GW Law Faculty Publications & Other Works

Document Type

Article

Publication Date

2013

Status

Forthcoming

Abstract

In this study of 380 students in a law school’s 2011 graduating class, the data demonstrates a strong correlation between high performance in legal writing courses and high performance in non-legal writing courses. There is also a strong correlation at the opposite end: low performers in legal writing courses are low performers in non-legal writing courses. This article provides the hard data to support the significance of writing skills by demonstrating the correlation between performance in legal writing courses and performance in other law school courses by comparing grades and Grade Point Averages (GPAs).
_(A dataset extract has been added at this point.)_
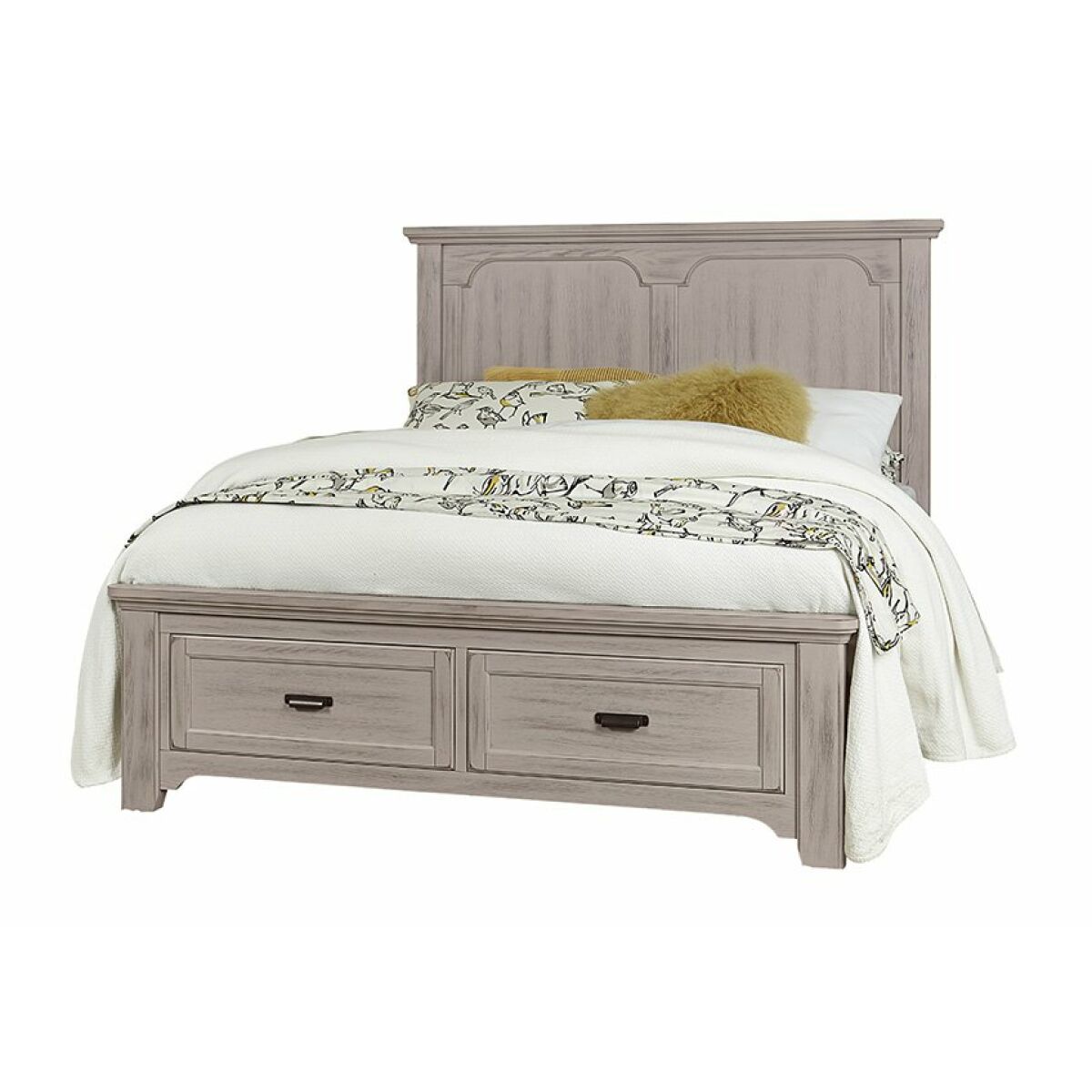 Functional storage drawers in the panel bed’s low profile platform style footboard make this bed useful and stylish. Use the handy drawer space for clothing, linens, or accessories. For every tree used in the making of furniture at Vaughan Bassett, they donate a tree to be planted by the Virginia Department of Forestry Made in the USA Made of North American hardwood solids and hand selected oak veneers

Of course grades and GPA data are not the sole measures of success, but as other research has indicated, good grades often translate to job interviews, job offers, and ultimately, jobs — the true measure of success these days.

With the changing economy, declining employment statistics, downsizing legal employment market, increasing tuition at rates exceeding inflation, and a declining law school applicant pool, legal education cannot simply stand by and hope things get better. Information about how performance in legal writing correlates to law school performance outside of the legal writing course is nowhere close to curing any of these ills. Such information is, however, useful for schools in thinking about how to move forward. Slow as it may be to come or as difficult to manage, law schools must react to these and other changes; part of that reaction should include curricular reform that better prepares students for success — with success defined as after-graduation employment. To aid law schools in thinking about curricular reform, this article proves what legal writing professors and legal education reformers have known for a long time: legal writing courses are the linchpin of legal education.